Data supplied below:

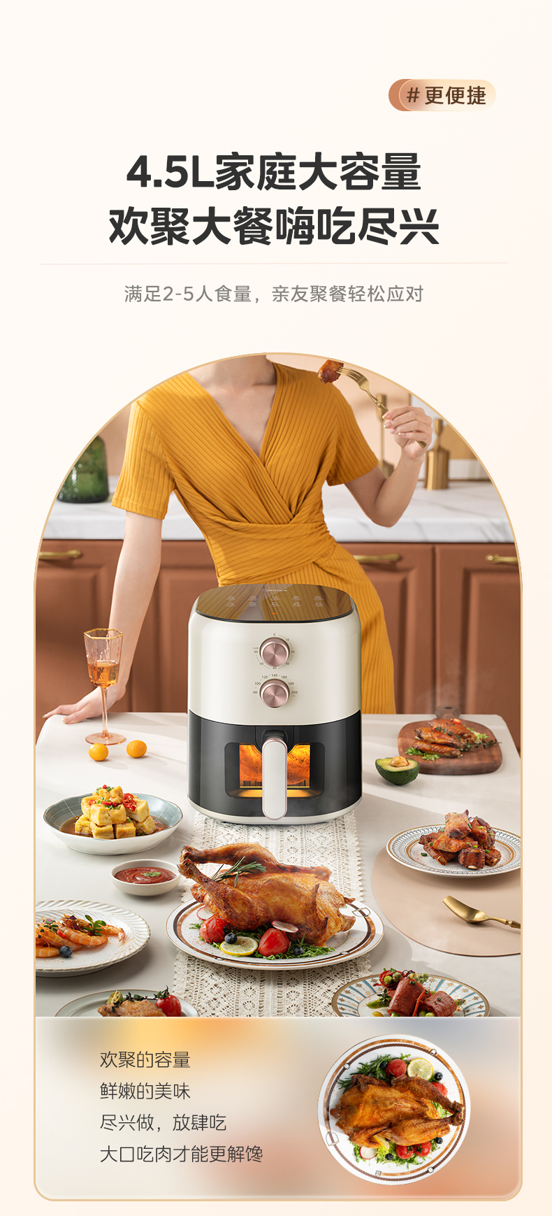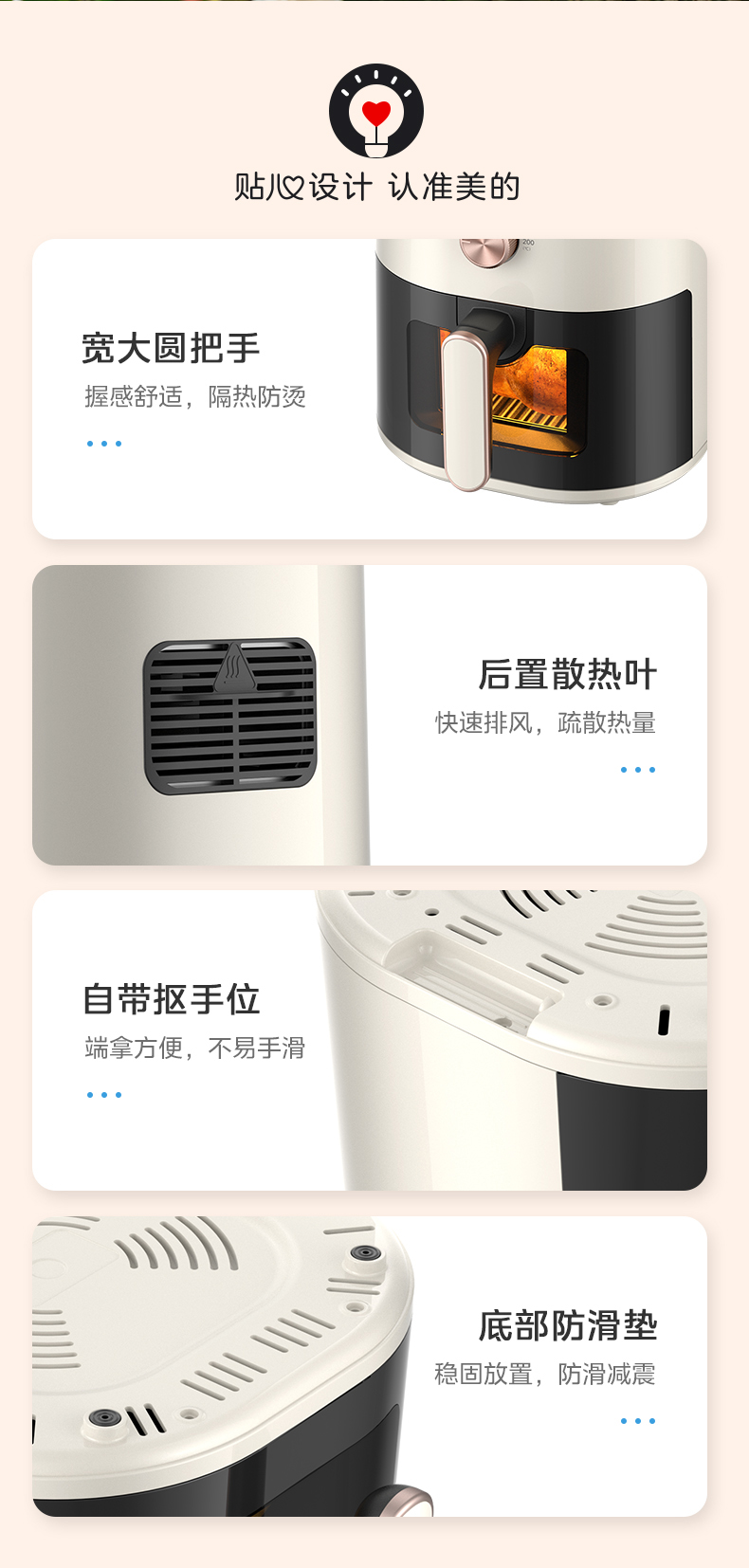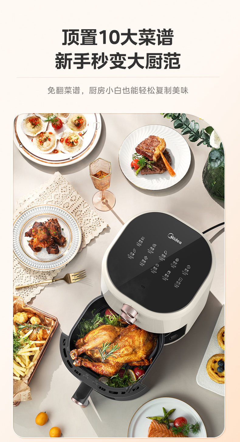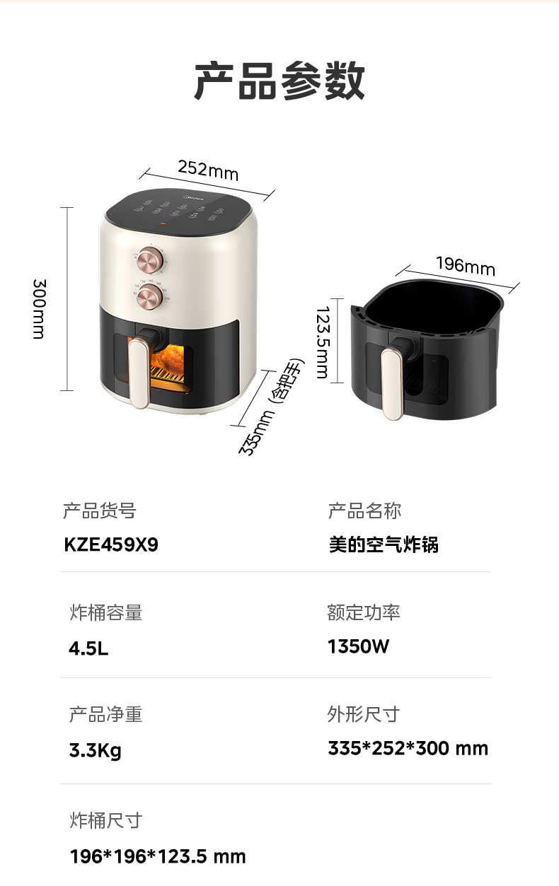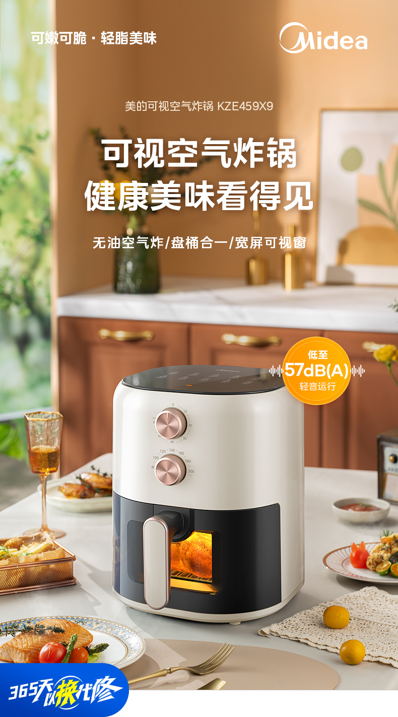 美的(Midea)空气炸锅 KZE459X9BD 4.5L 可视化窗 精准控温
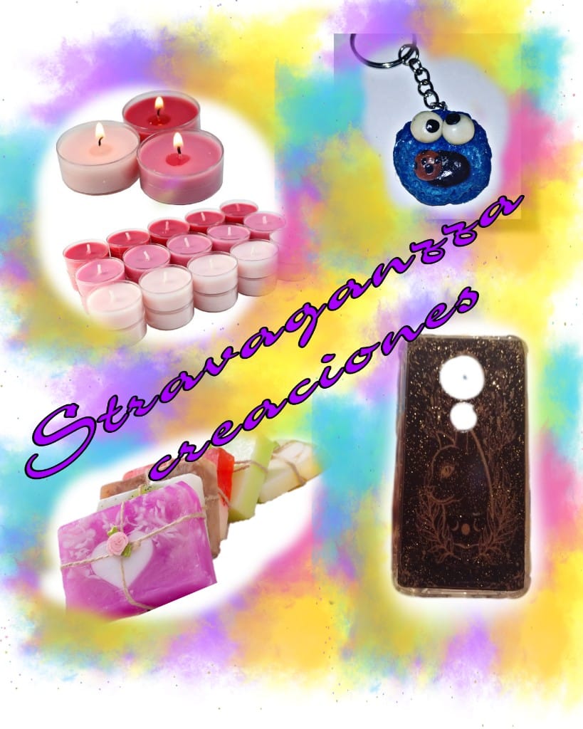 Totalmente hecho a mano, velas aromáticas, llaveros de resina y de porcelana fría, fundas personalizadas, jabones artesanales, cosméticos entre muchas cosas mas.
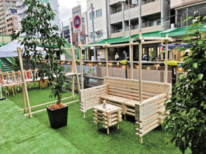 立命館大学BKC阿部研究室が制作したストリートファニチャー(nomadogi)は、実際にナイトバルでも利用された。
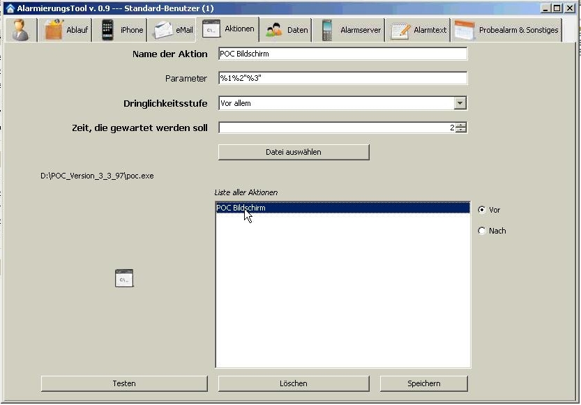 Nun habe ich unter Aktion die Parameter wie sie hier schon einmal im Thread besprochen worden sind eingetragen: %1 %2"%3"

End of Data supplied.
Data supplied below:

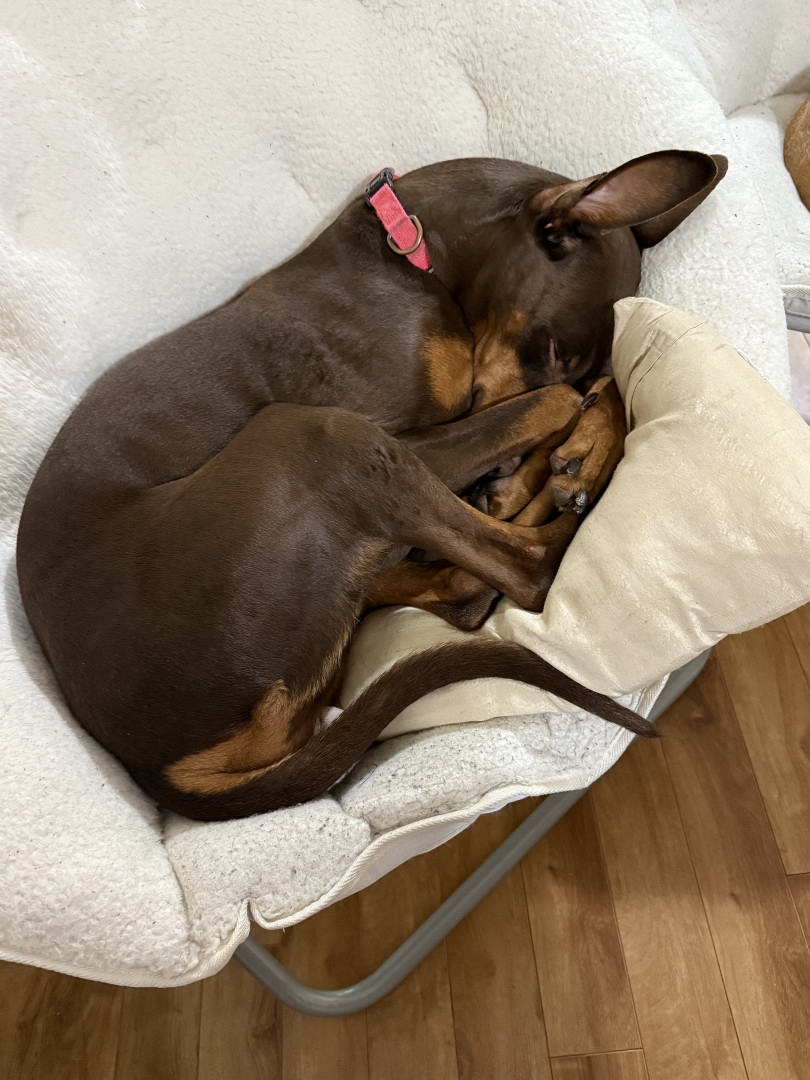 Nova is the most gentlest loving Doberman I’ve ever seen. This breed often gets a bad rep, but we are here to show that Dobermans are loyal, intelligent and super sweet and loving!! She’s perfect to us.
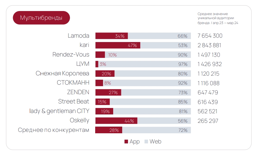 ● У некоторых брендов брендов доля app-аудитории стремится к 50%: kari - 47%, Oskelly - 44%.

End of Data supplied.

Required work:
Among the records above, locate the line containing "Totalmente hecho a" and the line containing "Nun habe ich", then transcribe exactly the lines starting at the first and ending at the second, with no pictures.

Result of this task:
 Totalmente hecho a mano, velas aromáticas, llaveros de resina y de porcelana fría, fundas personalizadas, jabones artesanales, cosméticos entre muchas cosas mas.
 立命館大学BKC阿部研究室が制作したストリートファニチャー(nomadogi)は、実際にナイトバルでも利用された。
 Nun habe ich unter Aktion die Parameter wie sie hier schon einmal im Thread besprochen worden sind eingetragen: %1 %2"%3"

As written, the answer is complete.